【解题报告】NOI2021
哈哈,怎么水平这么低,被踩爆了。
大概是全网最复杂的做法,没有之一。
首先考虑链怎么做,实际上就是区间赋 $1$,两端赋 $0$。扔到树上就先剖一下,一条重链上的边可以直接在线段树上修,关键是重链顶与其父亲之间的轻边,如何维护其是否为 $1$。
记录每一条轻边最后被赋值的时间,这条轻边值为 $1$ 当且仅当父亲最后一次被覆盖的时间与当前轻边最后被赋值的时间相同。
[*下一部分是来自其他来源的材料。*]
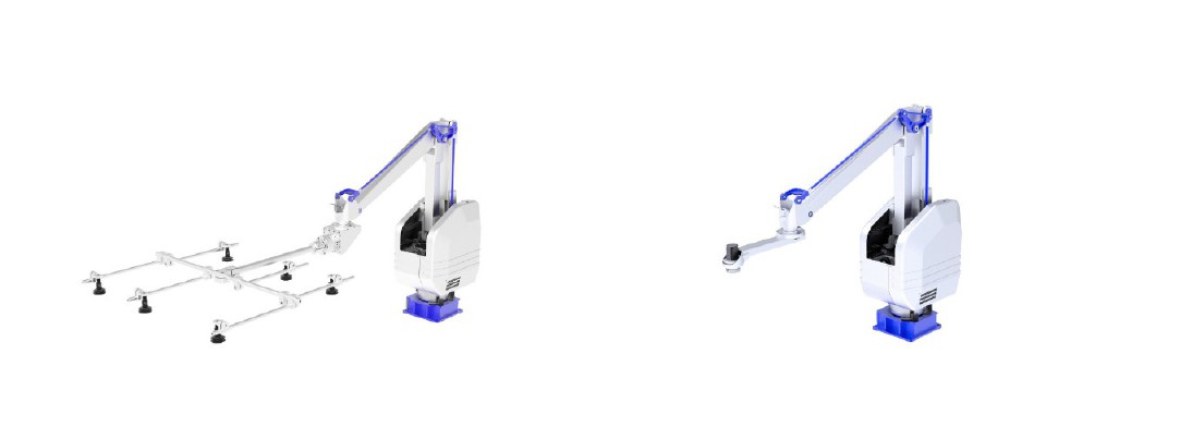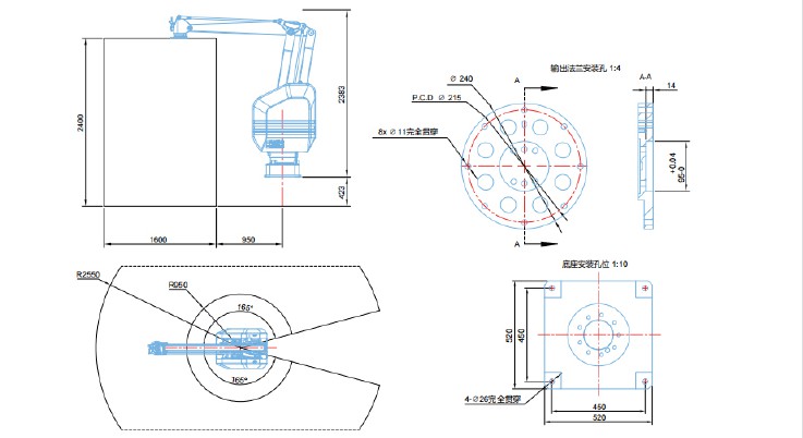 四轴、SAR130-2550-2400,可选装五六轴 ★ 相对SAR120-2450-2300,本机型速度更快并且行程略大 ★ 标准色:主副臂/灰白色,护罩/白色,连杆/蓝色,基座/蓝色
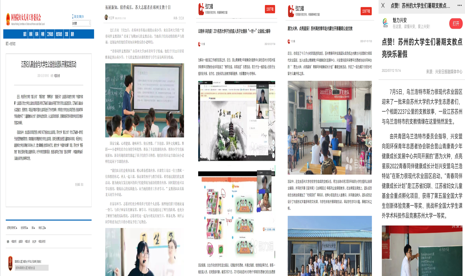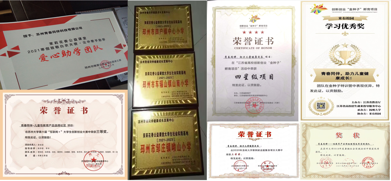 在创新创业的同时,苏州青春同伴科技有限公司深受苏州大学教育学院“学高为师,身正为范”院训的影响,潜心于国家的公益事业,彰显教育强国的初心和使命。“青春童伴”项目曾多次组建团队赴江苏邳州、内蒙古兴安盟等经济欠发达地区支教,改善当地教育资源配置不足的现状,助力儿童健康发展;2022年开展“携手抗疫,共筑姑苏”助学活动,为一线防疫人员子女提供全天候、全方位、定制化的公益教学辅导服务,传递青春公益力量。团队活动受到《中国妇女报》《交汇点》《苏州日报》《兴安融媒体中心》等媒体机构的关注报道。
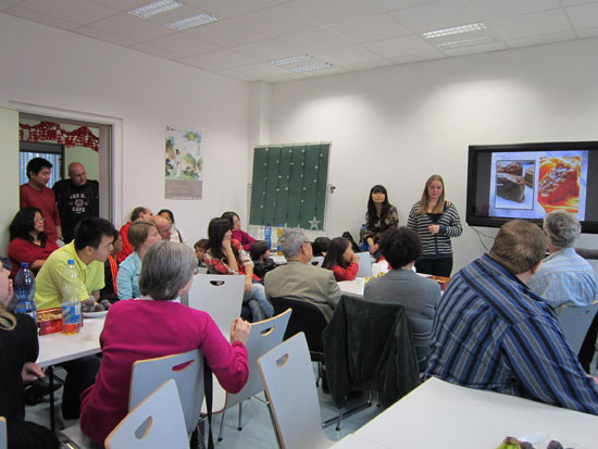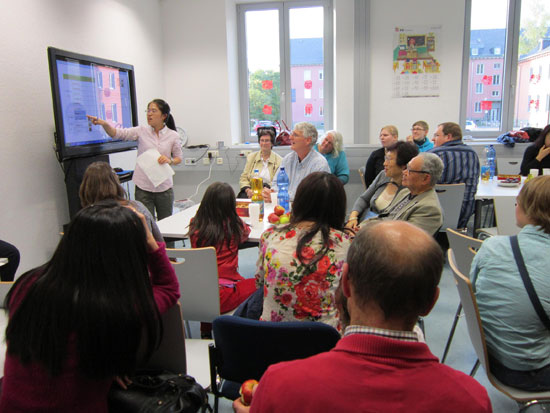 下午五点,活动正式开始。中方院长郭永穗代表孔院致辞。她感谢特里尔的学生和民众多年来对孔院工作的支持,并祝大家度过一个愉快的中秋之夜。接着特里尔Humboldt 高级文理中学的学生 Anna-Katharina介绍了中国传统节日中秋节、中国人过中秋的习俗以及中国古今文人关于中秋的名诗佳句。Anna-Katharina 学习汉语一年有余,热爱中国文化。她的介绍搏得了热烈的掌声。
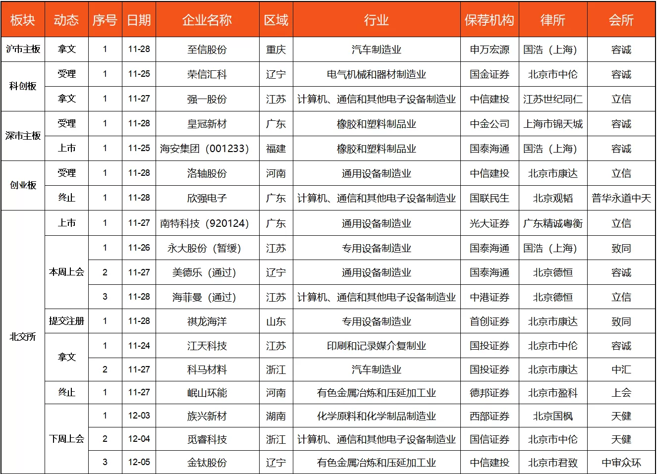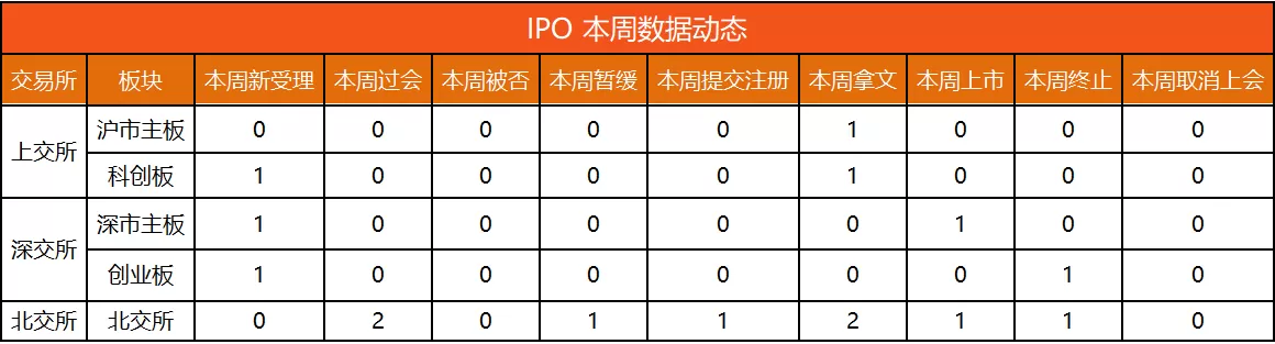 览富财经网统计,11月23日-11月29日,3家企业受理、3家企业首发上会,2家获通过,1家暂缓审议、1家企业提交注册、4家企业顺利拿到批文、2家企业上市、2家企业终止、下周上会企业3家。
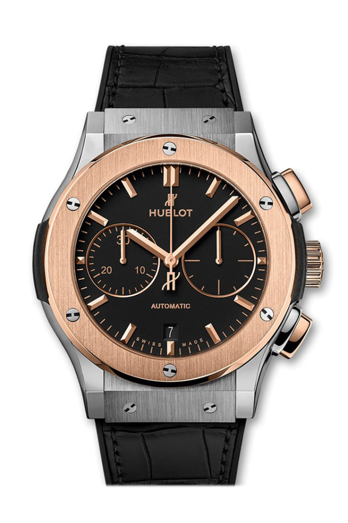 Titanium case with a black (alligator) leather / rubber backed strap. Fixed 18kt king gold bezel. Mat black dial with rose gold-tone hands and index hour markers. Minute markers around the outer rim. Dial Type: Analog. Date display at the 6 o'clock position. Chronograph - two sub-dials displaying: 60 seconds, 30 minute. Hublot calibre HUB1143 automatic movement with a 42-hour power reserve. Scratch resistant sapphire crystal. Pull / push crown. Transparent case back. Case size: 45 mm. Round case shape. Strap width: 20 mm. Fold over clasp. Water resistant at 50 meters / 165 feet. Functions: chronograph, date, hour, minute, second. Luxury watch style. Watch label: Swiss Made. Hublot Classic Fusion Automatic Chronograph Mens Watch 521.NO.1181.LR
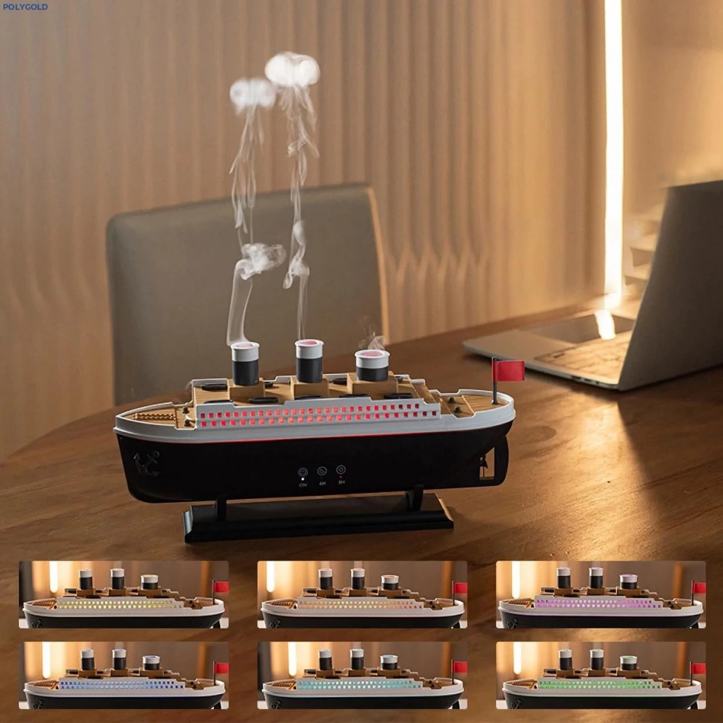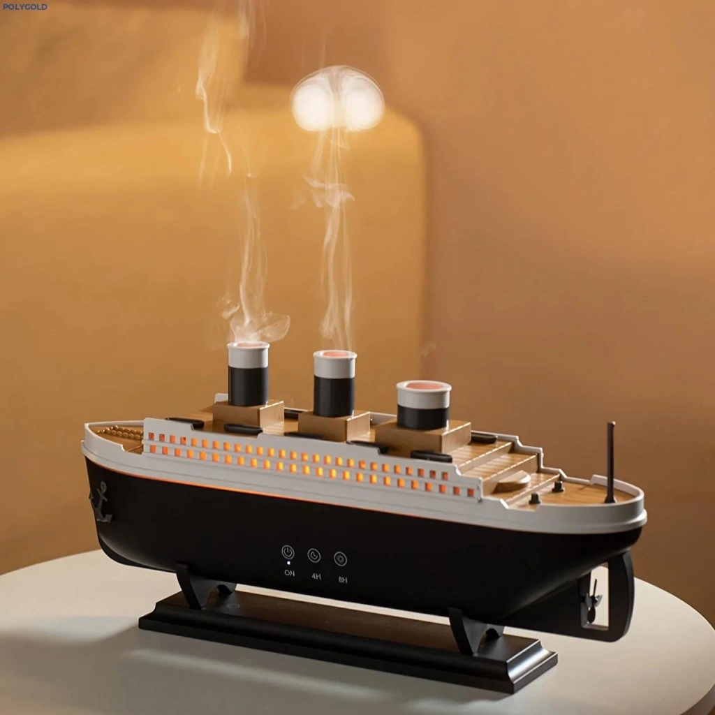 Uzaktan kumandası sayesinde kolayca kontrol edebileceğiniz buharlı difüzör, LED aydınlatmaları ve geminin bacalarından çıkan buhar efekti ile görsel anlamda da etkileyici bir deneyim yaşatır. Ofis, yatak odası, çalışma alanı ya da hediye alternatifi olarak benzersiz bir seçenektir.
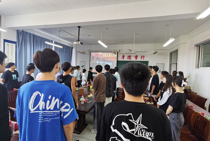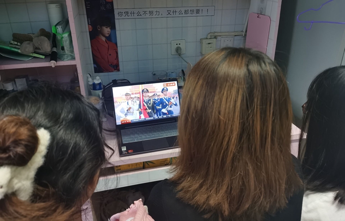 活动中,与会师生一起观看天安门广场国庆升国旗仪式,学院其他同学在宿舍同步观看。
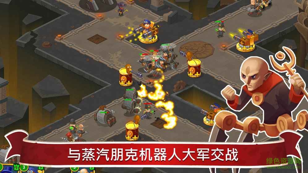 在《Steampunk TD:塔防游戏》中,你将面对若干波无情敌人的进攻。 建造并加固防御塔:加特林机枪、元素火焰喷射器、轰炸机、特斯拉机器人以及发电机。
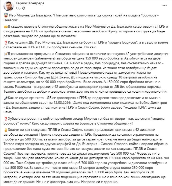 В същото време в Столична община хората на Иво Мирчев от "Да, България" се договарят с ГЕРБ и с подкрепата на ГЕРБ си пробутаха схема с екзотични автобуси. Ку-ку. Историята си струва да бъде разказана, защото по делата ще ги познаете.
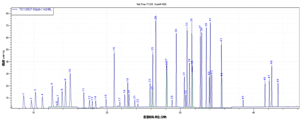 图4. 54种挥发性有机物的选择离子监测模式图(SIM)
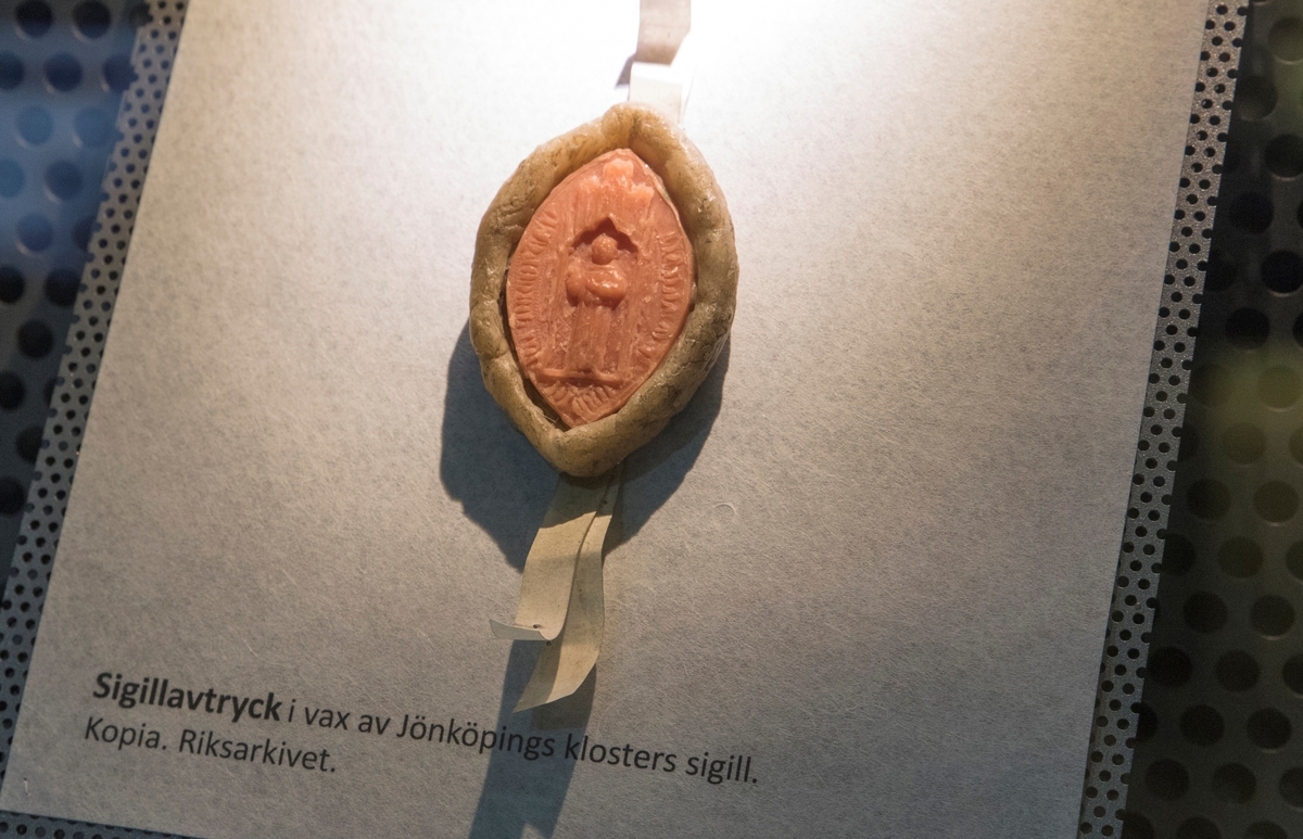 Stadshistoriska utställningen i arkivhuset. Sigillavtryck i vax av Jönköpings klosters sigill. Kopia. Riksarkivet.

因此还需要维护一个带 $\text{chkmax}$ 的线段树。
这可以标记永久化。
于是 $\text{CXY07}$ 就在这样一个 $\text{Day1}$ 中,使用如此巧妙的算法成功花费了巨大多时间,把自己送走。
阳间解法:一条边值为 $1$ 当且仅当两个端点最后被赋值的时间相同,相当于链染色,问链上颜色段个数,这就是 [SDOI2011]染色。
好耶
//Code By CXY07
#include<bits/stdc++.h>
using namespace std;
//#define FILE
//#define int long long
#define LL long long
#define randint(l, r) (rand() % ((r) - (l) + 1) + (l))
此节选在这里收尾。